Jeanne Mayer (Blanche Gardin) dirige um projeto de investigação ambiental dedicado à recolha de microplásticos no oceano. Durante a inauguração, a estrutura colapsa e a protagonista é apanhada em direto para a televisão numa tentativa fracassada de resgatar o seu trabalho em pleno mar, tornando-se um meme pela chacota. Afundada em dívidas, e ajudada pelo seu irmão, vai até Lisboa com o intuito de vender o apartamento da sua falecida mãe, na esperança de recuperar algum fôlego financeiro. No aeroporto, reencontra Jean (Laurent Lafitte), um antigo colega da sua escola secundária, cleptomaníaco, inoportuno e inocentemente divertido.
“Toda a Gente Gosta de Jeanne” (do original Tout le monde aime Jeanne), uma coprodução entre a Les Films du Worso e a produtora portuguesa O Som e a Fúria, é a primeira longa-metragem da realizadora Céline Devaux, e teve a sua estreia mundial na Semana da Crítica do Festival de Cannes.
Em Lisboa, Jeanne vive um triângulo amoroso entre o Jean e o seu carismático ex-companheiro, Vítor (Nuno Lopes), agora casado e com uma filha. Dividida entre o ser e o parecer, a parisiense mantém uma postura defensiva e por vezes pretensiosa em relação a Jean. Atitudes justificadas pelo carácter, intrínsecas à sua forma de ser, comunicadas através da voz da sua consciência, com quem partilha o protagonismo do filme.
Nesta trama amorosa, Devaux consegue afastar-se do típico Amor Acontece, sem cair na atípica fórmula boy meets girl à la Woody Allen. Recorre às personagens secundárias para estruturar a personalidade protagonista, sem retirar presença ou carácter aos dois pretendentes — o que, em grande parte, se deve às excelentes performances de Laurent Lafitte e Nuno Lopes.
A escolha da capital portuguesa não foi aleatória, tal como é referido pela personagem Jean, a determinado ponto do filme “a ansiedade é mais difícil em cenários bonitos”. A realizadora confessou, inclusivamente, sentir alguma ambiguidade na beleza de Lisboa, uma cidade radiante, de arquitetura e beleza natural, destruída pela crise económica e reerguida para ser desocupada dos seus residentes e preenchida por turistas.
À semelhança da capital lusitana e do apartamento deixado pela sua mãe, também Jeanne é um local de memórias encaixotadas, um recetáculo de pensamentos sombrios, porém, rodeado de sol e cor.
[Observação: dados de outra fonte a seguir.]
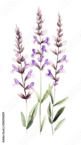 Salvia Sage detailed hand drawn pastel watercolor botanical image, medicinal herbs, light background. Generative AI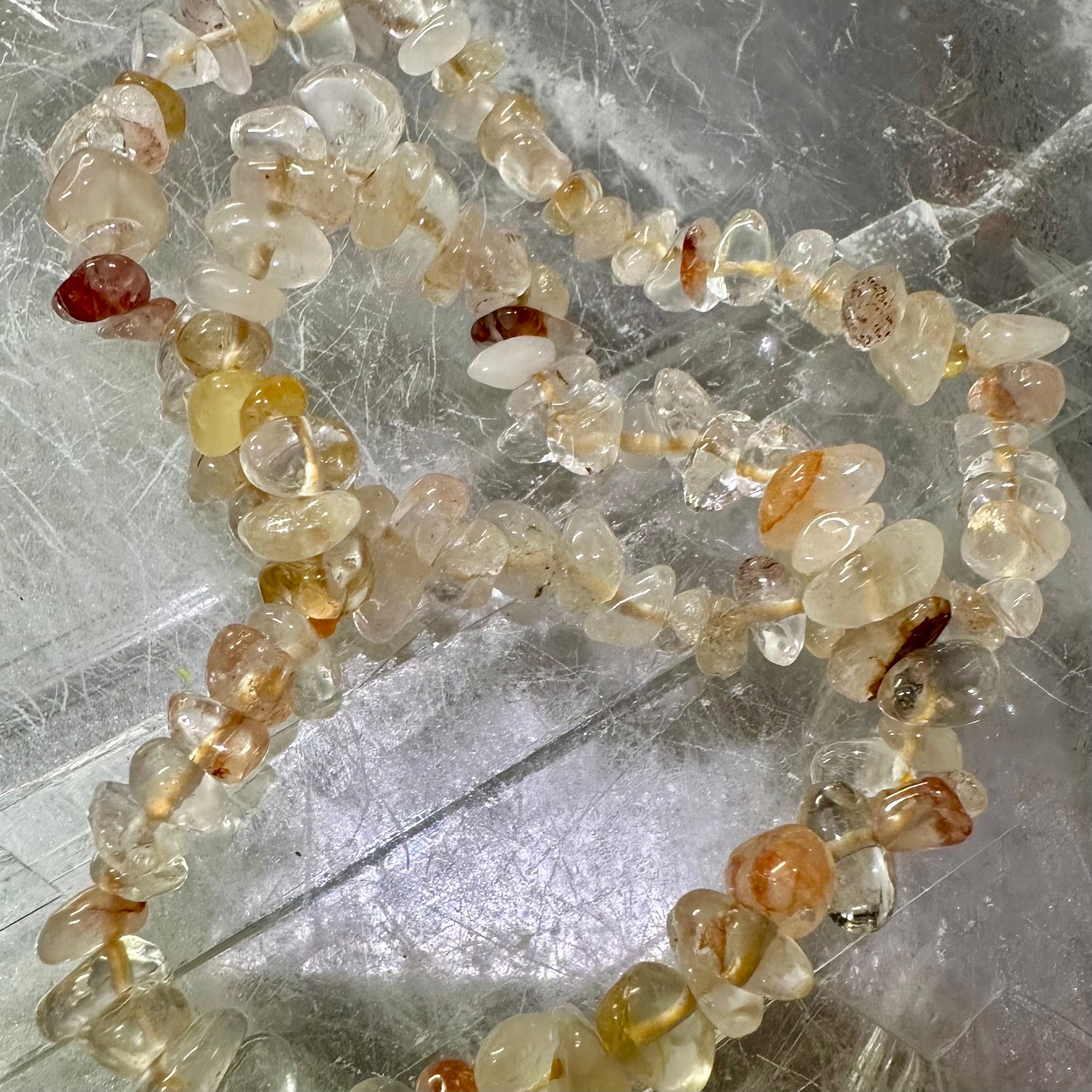 Enhance your energy and success with our Citrine Chipped Bracelet. Made of genuine citrine, this bracelet is known for boosting confidence and attracting abundance. Harness the power of this crystal and achieve your goals with ease.

Gardin transparece esta ideia com destreza e simplicidade, seja pela expressão corporal como pelas feições que correspondem à voz da consciência de Jeanne. Estas características da protagonista parecem surgir para desmistificar alguns dos preconceitos criados em torno da temática da depressão. O filme recorre frequentemente ao humor, negro e acídico, para criar momentos de seriedade e introspeção, tal como refere a realizadora “é como rir num funeral”, evitando assim o sentimento de pena e comiseração e apelando antes à empatia, que afunda como uma rocha em momentos do quotidiano da protagonista.
Apesar dos lugares-comuns que o ponto de partida fornece, “Toda a Gente Gosta de Jeanne” é um filme audaz no seu conteúdo, que desafia as convenções da típica comédia romântica através de um ótimo trabalho de escrita de argumento e aborda temáticas como a saúde mental, a depressão e o luto de forma atual e singular, sem recorrer a clichés e dramatismos desnecessários.
A voz interior da protagonista, representada por breves segmentos de animação, da autoria da realizadora, desempenha um dos papéis centrais do filme. Estas tiras animadas, além de muito bem concebidas, resultado dos anos de experiência de Dévaux em curtas-metragens de animação (Vie et mort de l’Illustre Grigori Efimovitch Raspoutine; Le repas dominical), apresentam um poderoso elemento de dimensão e construção de personagem.
Apesar de ser, em parte, exímio na execução, o filme fica a desejar na forma e na expressão audiovisual, no sentido em que apenas assistimos a vislumbres de uma nova e promissora voz do cinema francês. É evidente que Dévaux procura uma identidade ao experimentar com enquadramentos e justapondo com animações que ilustram a consciência da protagonista, no entanto, na grande maioria das cenas, a realizadora parece jogar pelo seguro, mantendo-se dentro das convenções da linguagem cinematográfica.
Em última análise, “Toda a Gente Gosta de Jeanne”, um filme sobre “uma mulher que pilota aviões, fica sem radar e perde-se no céu”, é uma obra ligeira, soalheiro, que diverte e bem-dispõe.